Żadna osoba nie zasługuje na złe traktowanie po prostu za to, kim jest, chyba że celowo krzywdzi lub niszczy innych. Większość po prostu chce, aby inni zaakceptowali nasze prawdziwe ja i pokochali nas za to, mówi dr Handel. Co jeśli całkowicie odpuścimy osądzanie i przyjmiemy złożoność istoty ludzkiej?

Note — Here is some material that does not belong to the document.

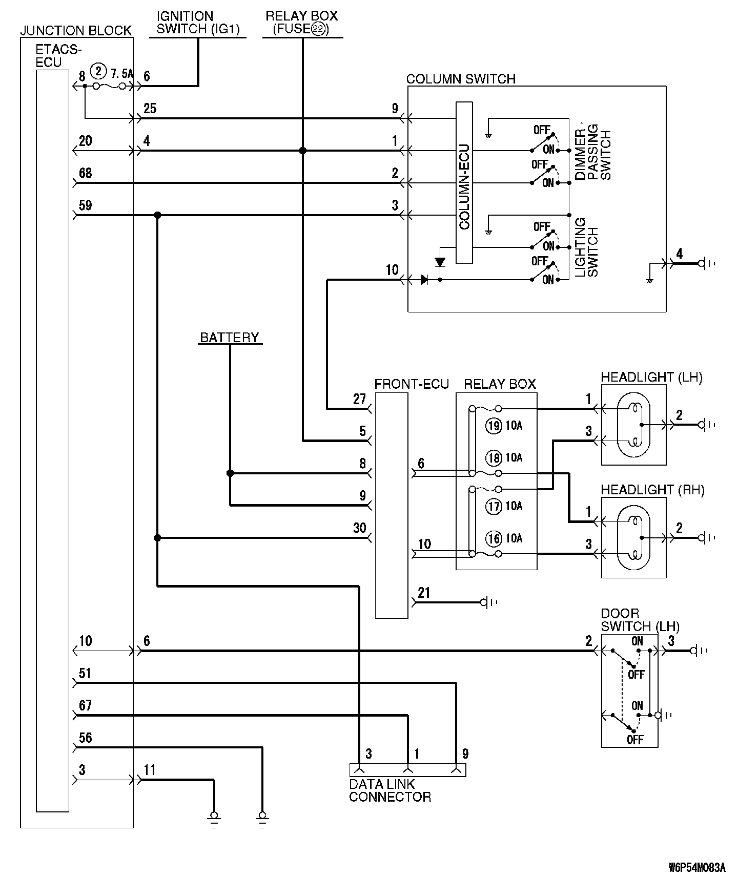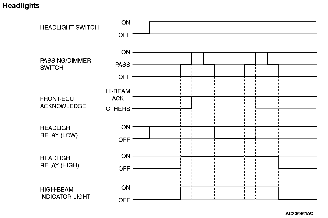 If the column switch sends a headlight switch "ON" signal to the front-ECU, the front-ECU turns on its headlight relay (LOW), causing the low-beam headlights to illuminate. If the dimmer switch is turned on while the headlight relay (LOW) is on, the front-ECU turns on the headlight relay (HIGH), causing the high-beam headlights to illuminate.

Hilary Handel oferuje trochę ćwiczeń. Wystarczy zadać sobie kilka pytań.

Samopotępienie

  • Jak myślisz, co jest w Tobie nienormalne? Co ukrywasz przed innymi? Szukaj głęboko i uczciwie.
  • Jak myślisz, co się stanie, jeśli ktoś dowie się o tych cechach lub cechach Ciebie?
  • Skąd wziąłeś to przekonanie? Czy opiera się na przeszłych doświadczeniach?
  • Co byś pomyślał, gdybyś wiedział, że ktoś inny ma ten sam sekret?
  • Czy istnieje inny, bardziej zrozumiały sposób, w jaki możesz ujawnić swój sekret?
  • Jak to jest zadawać sobie te pytania?

Potępienie innych

  • Co oceniasz u innych?
  • Dlaczego to potępiasz?
  • Gdybyś nie oceniał innych w ten sposób, z jakimi emocjami musiałbyś się zmierzyć? Wypisz wszystko, co przychodzi ci do głowy: strach, poczucie winy, smutek, złość lub inne uczucia.
  • Jak to jest o tym myśleć?

Być może odpowiedzi na te pytania pomogą ci zrozumieć, co myślisz o sobie lub innych. Kiedy nie akceptujemy pewnych cech naszej osobowości, wpływa to na nasze relacje z innymi. Dlatego czasami warto zakwestionować głos wewnętrznego krytyka i przypomnieć sobie, że my, podobnie jak wszyscy wokół nas, jesteśmy tylko ludźmi i każdy jest na swój sposób wyjątkowy.


O autorze: Hilary Jacobs Handel jest psychoanalitykiem i autorką Not Necessarily Depression. Jak trójkąt zmian pomaga ci usłyszeć swoje ciało, otworzyć emocje i ponownie połączyć się z twoim prawdziwym ja.